The discrete random variable is a variable that takes only discrete values, e.g. 1, 2, 5, etc. If we plot a graph with the discrete variables, it is a dotted graph, where each dot represents a value. The peculiarity of the discrete variables is that it is impossible to obtain a variable value between the two nearly dots (Anderson, Sweeney & Williams, 2001). In a restaurant business, there are several examples of discrete random variables. These are the daily number of customers, the number of free, engaged or booked tables, the number of dishes served. However, if the manager needs to calculate the central tendency of the discrete variable, the median or mode should be used. The weekly or monthly mean of any variable can be fractional, e.g. 6.5, or 4.25, and it is not always accurate to use the fractional number for the discrete variable (Anderson, Sweeney & Williams, 2001). Therefore, the manager has to be aware of this fact.

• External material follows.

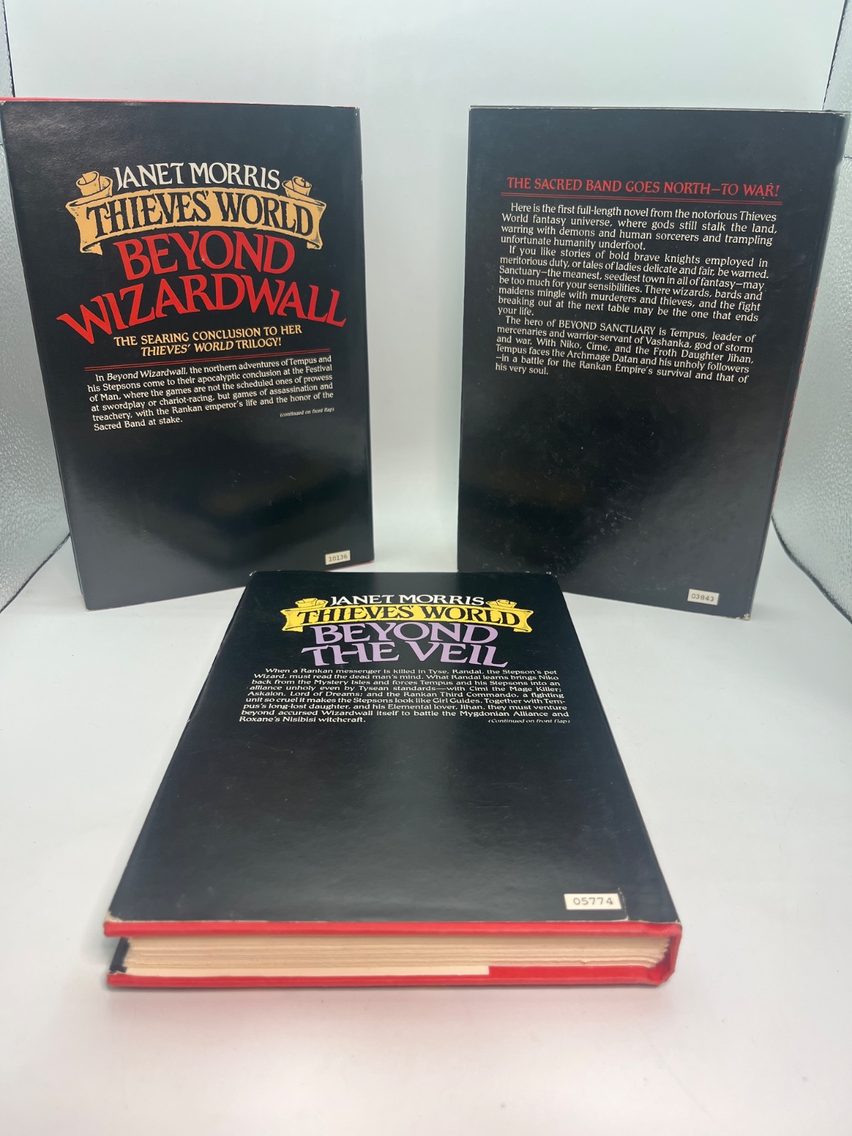 Explore the epic adventures of Thieves’ World with Janet Morris’s trilogy: Beyond Sanctuary, Beyond Wizardwall, and Beyond the Veil. Published by Baen Books, these Book Club Editions are in good condition, featuring minor wear on dust jackets. Immerse yourself in a world of gods, sorcerers, and heroic battles. A perfect collection for fantasy enthusiasts and collectors alike.
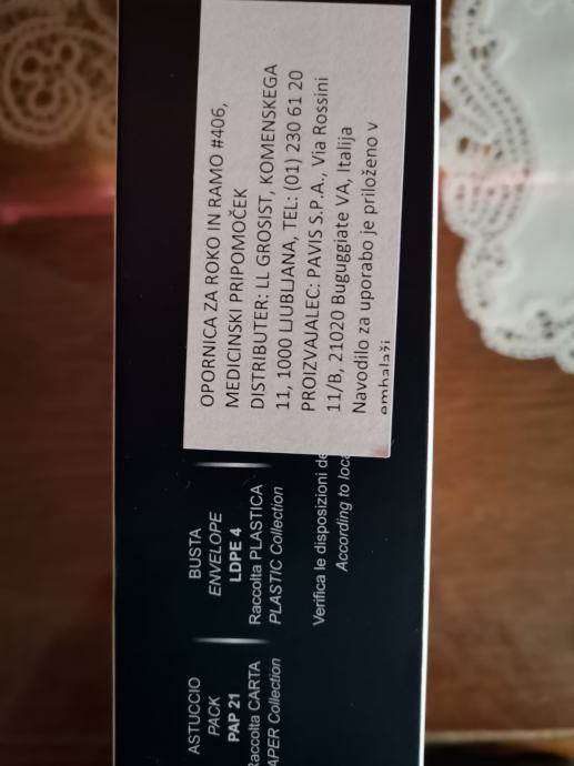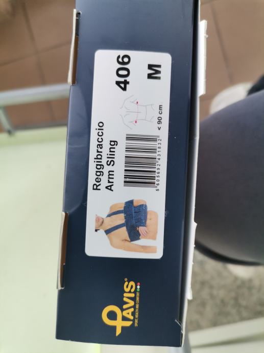 Prodam skoraj novo opornico za roko, komolec, ramo (rabljeno manj kot dva tedna), znamka Pavis. Lahko se jo uporablja kot oprt za prizadeto roko, daš roko počivat, ko to rabiš; lahko pa se roko še bolj fiksira z dodatnim trakom okrog prsnega koša in roke, da se ne premika. Uporabno za levo in desno roko, odprtina je enaka iz obeh strani. Nošenje je enostavno na prsnem košu, ni moteče, tudi če opornice ne uporabljaš, ne moti. Velikost M (za obseg prsnega koša < od 90 cm (pri ženskah se meri pod dojkami).

The continuous random variable is a variable that can take any value within a certain range, e.g. from 0 to infinity. When a graph with the continuous variable is plotted, the data values are represented with dots united with a line. Therefore, the variable can take any value between the two neighboring values (Anderson, Sweeney & Williams, 2001). The prices of the dishes, the energy value of the dish, the quantity of the electricity consumed, the customers’ bills are the examples of the continuous random variables. Their values are often represented as fractional numbers, and the best measure of the central tendency is mean (Anderson, Sweeney & Williams, 2005).
The Poisson distribution is used to present the discrete random variables. The continuous random variables are characterized either with the normal distribution or with Student’s t-distribution (Anderson, Sweeney & Williams, 2001).
References
Anderson, D. R., Sweeney, D. J., & Williams, T. A. (2001). Quantitative methods for business. Cincinnati, OH: South-Western College Pub.
Anderson, D. R., Sweeney, D. J., & Williams, T. A. (2005). Statistics for business and economics. Mason, Ohio: Thomson/South-Western.